• THE DATA:
-- Opening Marker --

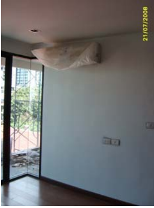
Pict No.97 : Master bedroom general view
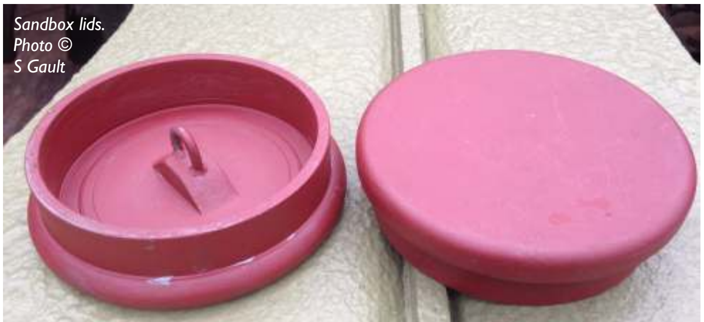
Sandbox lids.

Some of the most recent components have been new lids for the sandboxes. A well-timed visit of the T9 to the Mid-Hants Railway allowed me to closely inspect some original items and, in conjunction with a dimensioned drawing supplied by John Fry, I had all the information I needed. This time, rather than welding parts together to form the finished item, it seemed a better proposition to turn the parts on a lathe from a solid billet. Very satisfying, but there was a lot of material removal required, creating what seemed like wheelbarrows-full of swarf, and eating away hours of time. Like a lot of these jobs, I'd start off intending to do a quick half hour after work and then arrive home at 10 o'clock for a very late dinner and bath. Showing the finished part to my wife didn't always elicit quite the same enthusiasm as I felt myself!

-- Closing Marker --
-- Opening Marker --

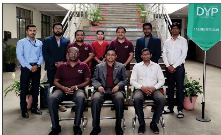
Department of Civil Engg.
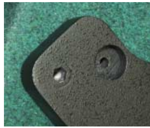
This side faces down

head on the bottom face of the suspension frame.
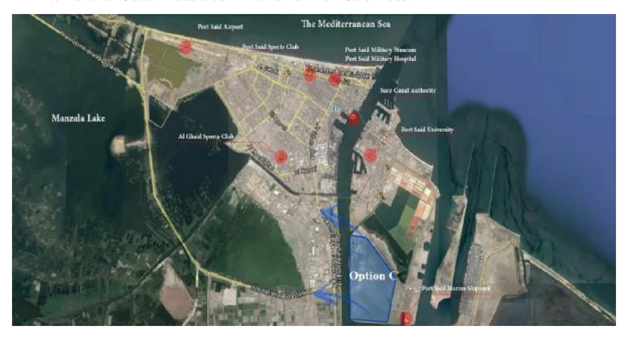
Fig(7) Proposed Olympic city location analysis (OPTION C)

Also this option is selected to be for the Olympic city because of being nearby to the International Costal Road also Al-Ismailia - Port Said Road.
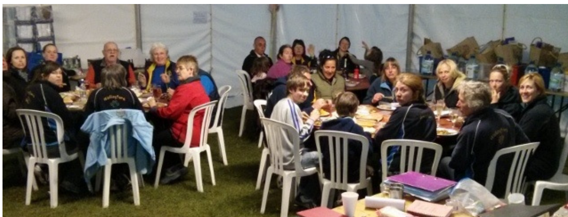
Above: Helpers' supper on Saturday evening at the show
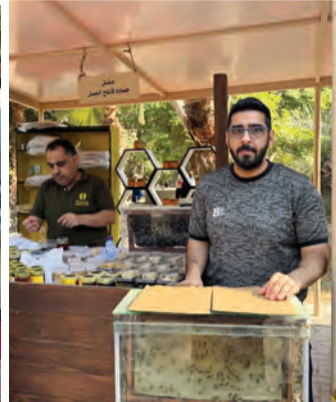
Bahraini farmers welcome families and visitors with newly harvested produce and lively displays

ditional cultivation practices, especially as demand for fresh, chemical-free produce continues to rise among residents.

-- Closing Marker --

• WORK INSTRUCTIONS: With the pictures omitted, restate word for word the lines above from the line that has "Pict No.97 : Master bedroom general view" up to and including the line that has "Some of the", and no other lines.

• WRITTEN RESPONSE:
Pict No.97 : Master bedroom general view
Sandbox lids.

Some of the most recent components have been new lids for the sandboxes. A well-timed visit of the T9 to the Mid-Hants Railway allowed me to closely inspect some original items and, in conjunction with a dimensioned drawing supplied by John Fry, I had all the information I needed. This time, rather than welding parts together to form the finished item, it seemed a better proposition to turn the parts on a lathe from a solid billet. Very satisfying, but there was a lot of material removal required, creating what seemed like wheelbarrows-full of swarf, and eating away hours of time. Like a lot of these jobs, I'd start off intending to do a quick half hour after work and then arrive home at 10 o'clock for a very late dinner and bath. Showing the finished part to my wife didn't always elicit quite the same enthusiasm as I felt myself!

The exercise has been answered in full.